Further, one or more elements of the aforementioned computing system (801) may be located at a remote location and connected to the other elements over a network (807). Further, one or more embodiments of the invention may be implemented on a distributed system having a plurality of nodes, where each portion of the invention may be located on a different node within the distributed system. In one embodiment of the invention, the node corresponds to a distinct computing device. Alternatively, the node may correspond to a computer processor with associated physical memory. The node may alternatively correspond to a computer processor or micro-core of a computer processor with shared memory and/or resources.
The imaging IoT platform implemented with the IoT system of one or more embodiments provide various improvements to image analysis technologies. For example, the IoT system enables contactless, remote, and real-time responses from the edge devices/servers in various types of business in fields of image analysis, and realizes the FL mechanism with the robust common ML model by continuously improve the common ML model while protecting data privacy of the edge devices/servers.
According to one or more embodiments, collecting only the key parameters without centrally collecting large data can significantly reduce the communication load and save the amount of data to be stored, which reduces equipment costs. Further, the edge devices/servers can rapidly response to the request from the cloud server 100, and do not need to share their own data among the edge devices/servers, which can built highly distributed platform while protecting the data privacy, data security, and data access rights.
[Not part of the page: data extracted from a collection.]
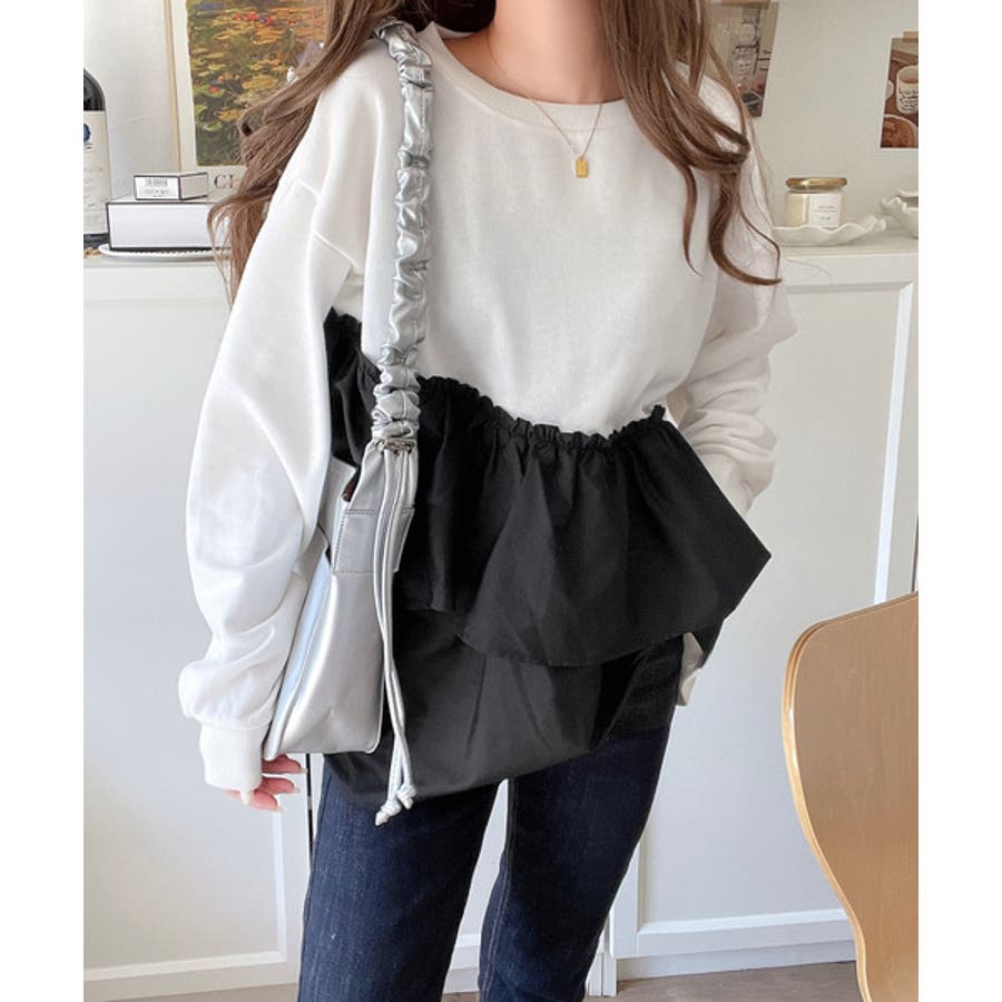 異素材フリルが甘くなり過ぎず、アシメのディティールがお洒落さん見えに。
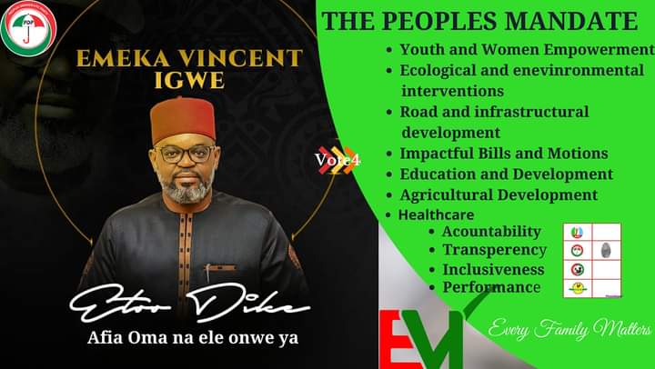 As the 2023 general election draws close, Awka North and South must take a firm stand and go all out in support of one of their own, Chief Emeka Vincent Igwe, the one who has their interests at heart and who has been there for them over the years by sending him to the Federal House of Representatives to represent the constituency.
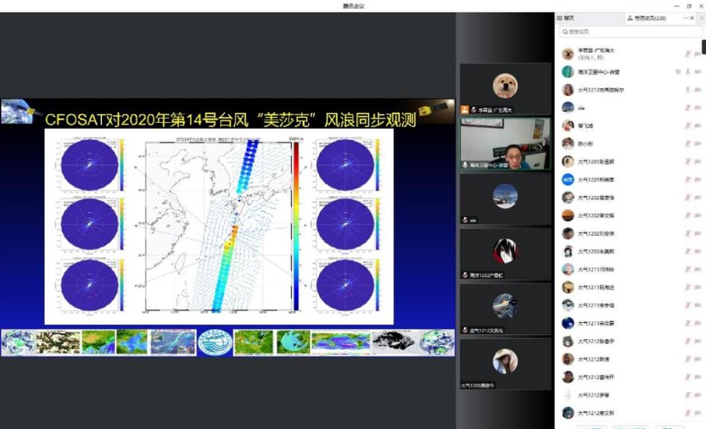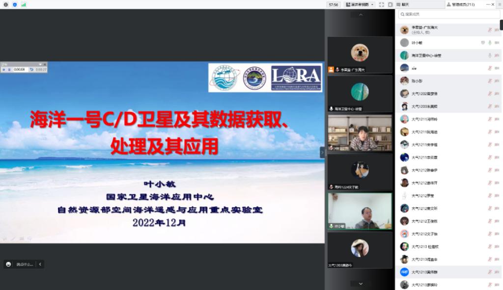 2022年12月5日上午,海洋气象公司于腾讯会议平台开展线上《研究生联合培养系列讲座》,邀请联培基地研究生导师,国家卫星海洋应用中心徐莹处长、叶小敏研究员为联合培养研究生及在校本科生做我国海洋卫星遥感监测及应用方面的工作介绍。
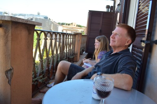 Exhiliarated by “finding” a Bernini original right in the hood, I came back out into the sunlight and finished my stroll. I found Greg and Genene awake when I returned. We sat on the terrace for a while, and Genene sketched the bell tower of Sant'Andrea while Greg had a beer and I drank a glass of wine. She was so proud of her work that she made me take a photo of it and email it to Jose, who immediately responded and told her that he would cherish the photo. How sweet!

According to one or more embodiments, selection of the most suitable common ML model to be distributed enables further optimization of the computer vision algorithm and more appropriate image analysis to meet business partners' and customers' accuracy goals.
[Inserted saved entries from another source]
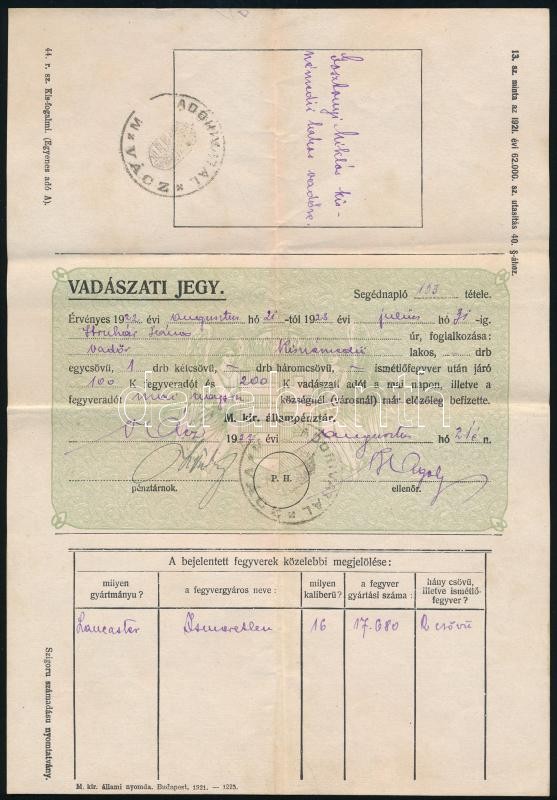 1921 Vadászati jegy vadőr számára
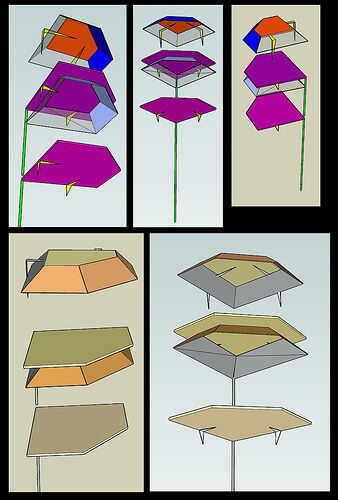Revisa la primera imagen, las representaciones de la estantería acabada, para tener una idea de como se ve en 3D. En esa imagen, los tiros principales están coloreados por parte:
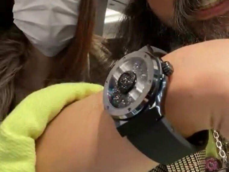 村上隆本人在拿到手表后当然就是立马戴上手把玩一番,从他在IG上Po出的直播影片中我们发现了Classic Fusion Takashi Murakami All Black实表的微笑之花花蕊部分不是设置在蓝宝石镜面下方,而是突出于镜面,这使得微笑之花的花瓣与花蕊两部分会因为有无蓝宝石镜面的覆盖而产生微妙的视觉变化。同时从大师实际佩戴手表更能感受到微笑之花花瓣旋转的那种动感。
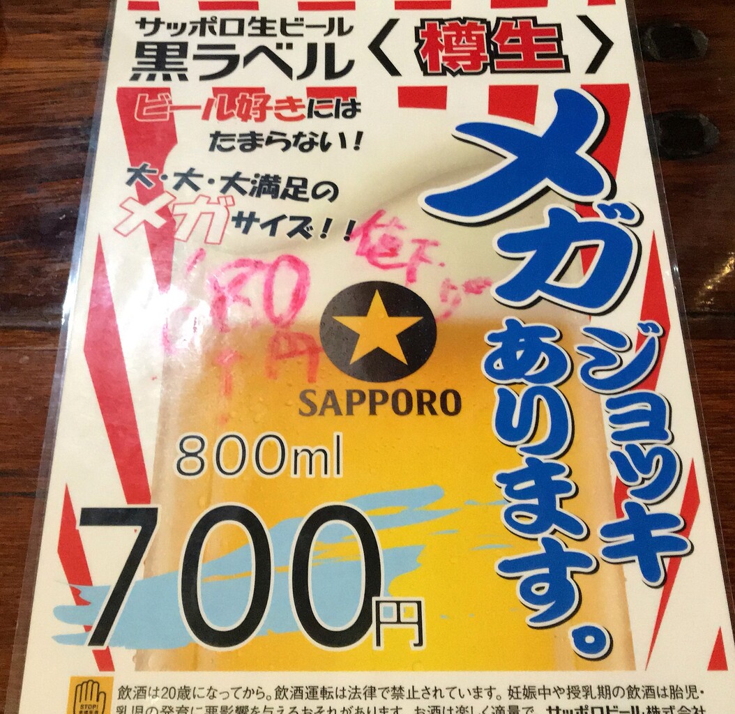 生ビールのメガジョッキ680円を注文。
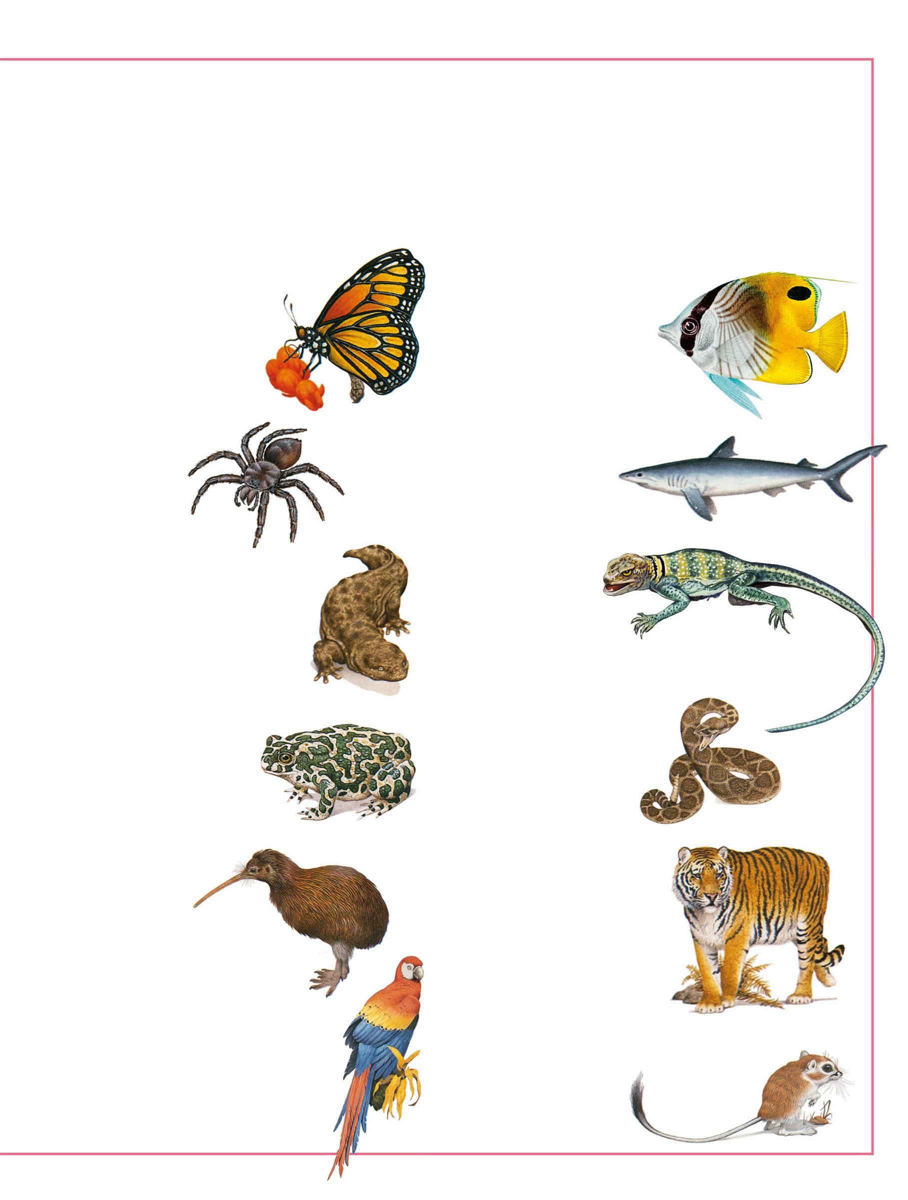 They move, breathe, feed, grow, have young, and respond to changes in their surroundings. To make animals easier to study, biologists divide them into a number of groups. The main groups are shown below.
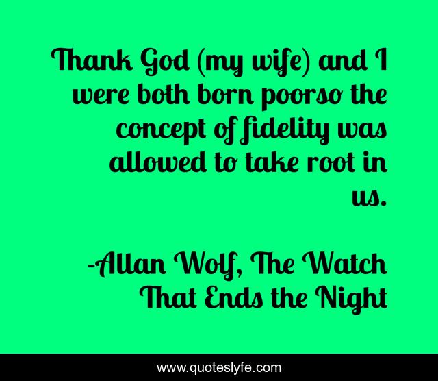 This page presents the quote "Thank God (my wife) and I were both born poorso the concept of fidelity was allowed to take root in us.". Author of this quote is Allan Wolf, The Watch That Ends the Night. This quote is about poor, cheating, humor, marriage, fidelity, spirit,.
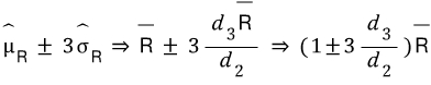 - μ and σ을 알 때, R 차트의 기본적 토대는 아래와 같다.
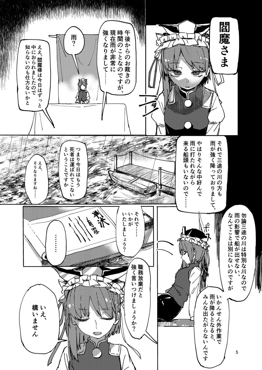 紅楼夢13新刊情報です。ついに「死ニ神、死ニ人」が完結を迎えたので総集編を頒布いたします。総ページ数はなんと84P! スペース:ややこしや【C-18b】価格は¥1000を予定しています。 小町が死を経験した者達やとある仙人と語り合ったり映姫様から逃げ回ったりする話です。

According to one or more embodiments, by collaborating the DNN computer algorithm, the Imaging IoT platform with very high performance can be provided.
According to one or more embodiments, by distributing the down-sized common ML model to the edge device having a relatively small data capacity and distributing the common ML model without downsizing to the edge server having a relatively large data capacity, the imaging IoT platform can be scalable.
Although the disclosure has been described with respect to only a limited number of embodiments, those skilled in the art, having benefit of this disclosure, will appreciate that various other embodiments may be devised without departing from the scope. Accordingly, the scope of the invention should be limited only by the attached claims.